SQL> drop diskgroup DBVOT;
drop diskgroup DBVOT
*
ERROR at line 1:
ORA-15039: diskgroup not dropped
ORA-15001: diskgroup "DBVOT" does not exist or is not mounted

I then tried with the FORCE option and succeeded

SQL> drop diskgroup DBVOT force including contents;

Diskgroup dropped.

I then deleted the disk

root@10-118-134-71:/root # /usr/sbin/oracleasm deletedisk DBVOT 
Clearing disk header: done
Dropping disk: done

and checked to make sure it was no longer visible

[oracle@10-118-134-71 ~]$ /usr/sbin/oracleasm listdisks
DB1
DG10
DG11
DG12
DG2
DG3
DG4
DG5
DG6
DG7
DG8
DG9

Then I recreated the disk

root@10-118-134-71:/root # /usr/sbin/oracleasm createdisk DBVOT /dev/bqdx1
Writing disk header: done
Instantiating disk: done

and listed the disks to confirm

root@10-118-134-71:/root # /usr/sbin/oracleasm listdisks
DG1
DG10
DG11
DG12
DG2
DG3
DG4
DG5
DG6
DG7
DG8
DG9
DBVOT

Then I created the disk in ASM

SQL> CREATE DISKGROUP DBVOT EXTERNAL REDUNDANCY DISK '/dev/oracleasm/disks/DBVOT';

Diskgroup created.

TNS-12535, ns secondary err code: 12560 and users unable to log on

This afternoon the users of one of my applications reported that they were unable to sign on using a particular user account. The user account in question was open and unexpired. The users were able to sign on to other accounts without any issues.
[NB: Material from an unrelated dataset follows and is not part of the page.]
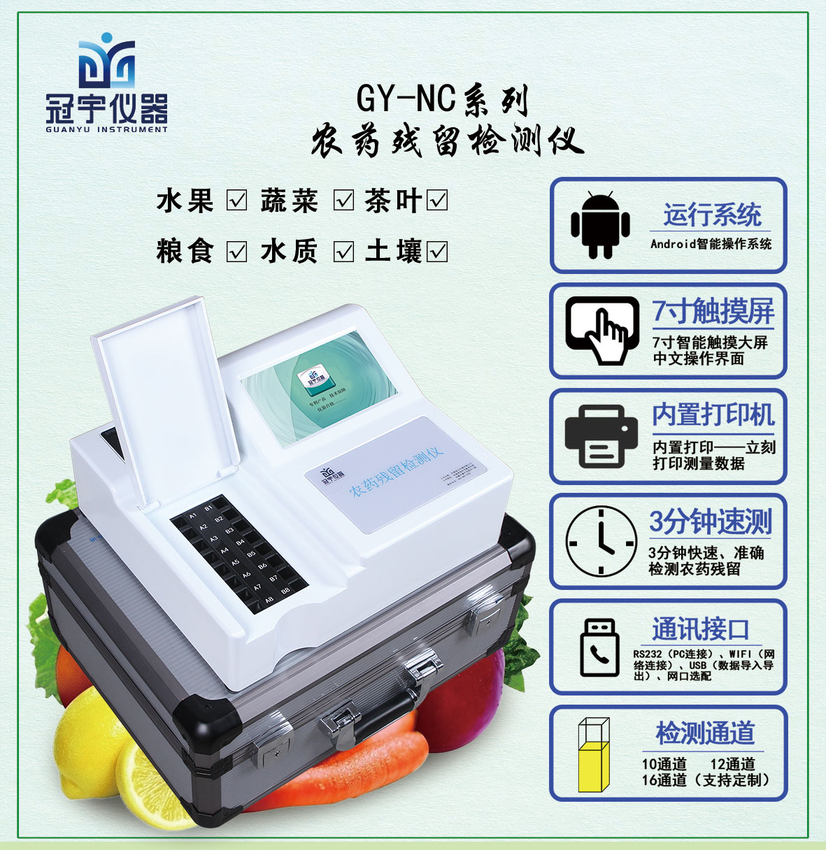 河南冠宇儀器有限公司生產的新一代智能型農藥殘留檢測儀;是根據農業標準方法(NY/T 448-2001)和國家標準(GB/T5009.199-2003)中的酶抑制率法,嚴格遵循《GB/T5009.199-2003蔬菜中有機磷和氨基甲酸酯類農藥殘留快速檢測方法標準》中的規定對蔬菜中有機磷和氨基甲酸酯類農藥殘留的快速檢測。
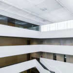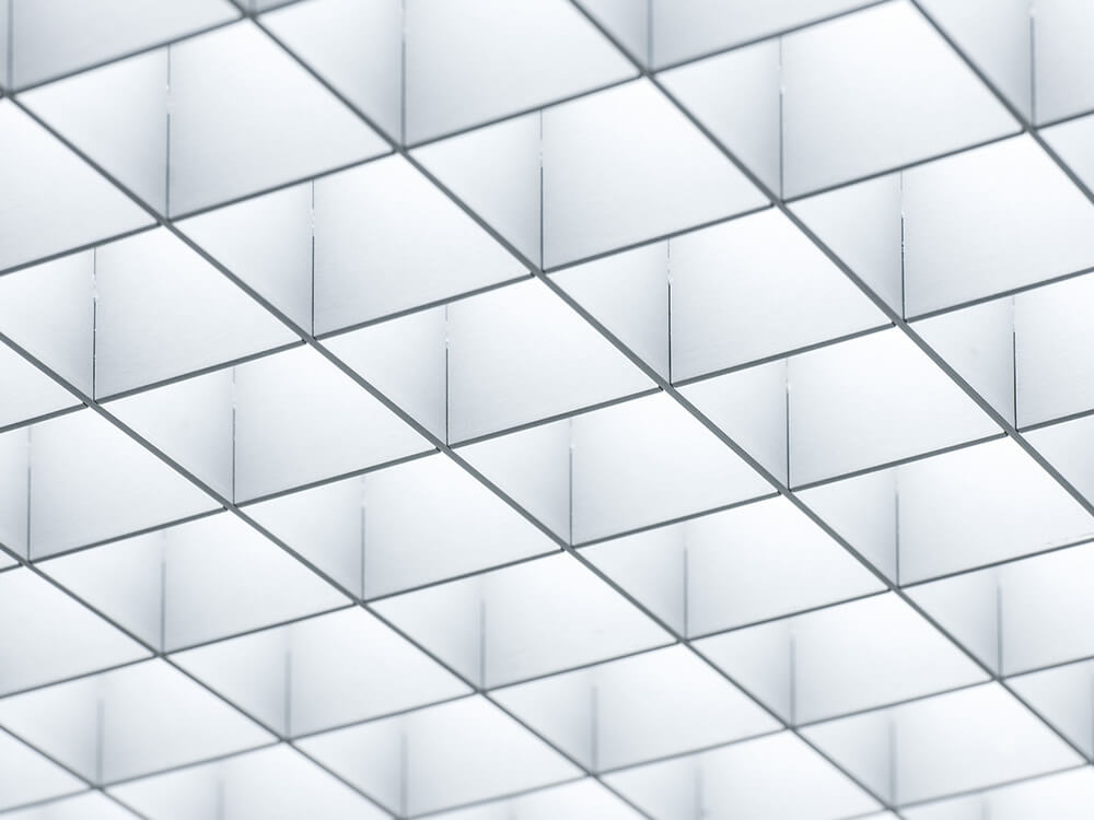 Un revêtement de plafond composé de caillebotis pressés en acier est également possible ! Les grilles en acier peuvent conférer au plafond un caractère élégant et industriel, créant ainsi un aspect moderne. Comme l’acier peut être lourd, on utilise souvent des caillebotis en aluminium dotés d’un système de suspension unique. Grâce à la liberté de forme et aux possibilités de combinaison infinies, il est possible de créer un ensemble acoustique. Il est également possible de dissimuler les conduites ou les luminaires.

The alert logs on all nodes of the RAC were being flooded with messages such as:

Fatal NI connect error 12170.

  VERSION INFORMATION:
        TNS for Linux: Version 11.2.0.4.0 - Production
        Oracle Bequeath NT Protocol Adapter for Linux: Version 11.2.0.4.0 - Production
        TCP/IP NT Protocol Adapter for Linux: Version 11.2.0.4.0 - Production
  Time: 15-JUN-2018 19:17:55
  Tracing not turned on.
  Tns error struct:
    ns main err code: 12535
    
TNS-12535: TNS:operation timed out
    ns secondary err code: 12560
    nt main err code: 505
    
TNS-00505: Operation timed out
    nt secondary err code: 110
    nt OS err code: 0
  Client address: (ADDRESS=(PROTOCOL=tcp)(HOST=xxx.xxx.xxx.xx)(PORT=nnn))
Fri Jun 15 19:18:37 2018

Despite bouncing all nodes of the RAC and flushing the shared pool etc. the users were not able to connect via this particular user account. There were existing connections with this account that were working.

After some false leads, a colleague noticed that there were a number of library cache locks with the user account set to “null”. These were being generated by a set of new servers that the application was attempting to configure using the user account that was experiencing the issue. After these new servers were shut down and the database bounced, normal functionality was restored.